Cerca de 17 milhões de crianças até 14 anos vivem em domicílios de baixa renda. Foto: TV Brasil
Ao comentar o relatório, o professor de economia da Universidade Estadual de Campinas (Unicamp) Antonio Carlos Macedo e Silva, disse que o mundo vive um momento de crescimento lento, depois de quase uma década de crises, e que isso tende a continuar nos próximos anos.
“A recuperação é fraca. E a tese é que vai continuar fraca e frágil enquanto uma série de obstáculos não for superada. O consenso em torno da chamada austeridade fiscal é um desses obstáculos”, ressaltou Silva, que também é pesquisador da Unctad.
O relatório destaca também que a falta de expansão econômica está diretamente relacionada com o aumento das desigualdades de renda entre homens e mulheres. “A economia global tem crescido a taxas muito inferiores às das décadas anteriores, porque, tanto durante o processo de crescimento quanto na esteira da recessão, na maior parte dos países, a desigualdade só fez aumentar. É um problema que consideramos realmente dramático”, disse Silva.
Nesse cenário, o relatório sinaliza que as políticas de redução dos gastos públicos tendem a agravar as disparidades. “Desde que a desaceleração global tem um lado significativo de demanda, políticas que favorecem a redução dos custos de mão de obra e os gastos públicos vão, na verdade, piorar a situação. Elas também vão se mostrar inadequadas para lidar com os múltiplos desafios da desigualdade e falta de sustentabilidade gerada pelos padrões econômicos atuais. Desse modo, acabar com a austeridade continua a ser um pré-requisito básico para construir caminhos sustentáveis e inclusivos de crescimento”, acrescenta o estudo.
Gastos coordenados
Apesar de defender medidas expansionistas, acompanhadas de um modelo que garanta aumento equivalente das receitas públicas, a Unctad pondera que esse tipo de movimento não pode ser feito isoladamente. “A proposta da Unctad não é a de que está ao alcance de qualquer país, em qualquer momento, implementar uma política fiscal expansionista e sair crescendo. Isso pode não dar certo especialmente quando você está fazendo isso sozinho. Se você faz isso sozinho, você está submetendo o seu país, por exemplo, ao risco de fuga de capitais, de ataques especulativos, de crises cambiais”, explicou Silva.

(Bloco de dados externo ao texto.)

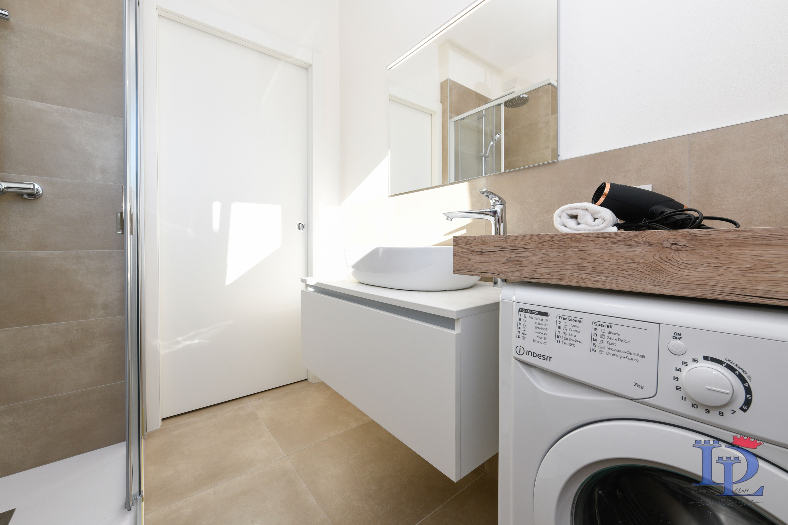 Starannie wykończona łazienka wyposażona jest w toaletę, bidet, pralkę i przestronną kabinę prysznicową. W jednym z pokoi znajduje się również telewizor Smart TV.

O economista destacou que as medidas no sentido contrário à austeridade deverão ser adotadas em conjunto com diversos países, minimizando os riscos e promovendo crescimento econômico sustentável e inclusivo. “Daí a ideia de que a gente poderia tentar coordenar. Não é tão utópico assim, a gente já tentou fazer algo nessa mesma linha na esteira da crise. Só que, por timidez, por excesso de conservadorismo, a visão da austeridade que irresponsabiliza a política fiscal, libera a política fiscal da tarefa que lhe é inata de, junto com a política monetária, afetar o nível de atividade, acabou prevalecendo”.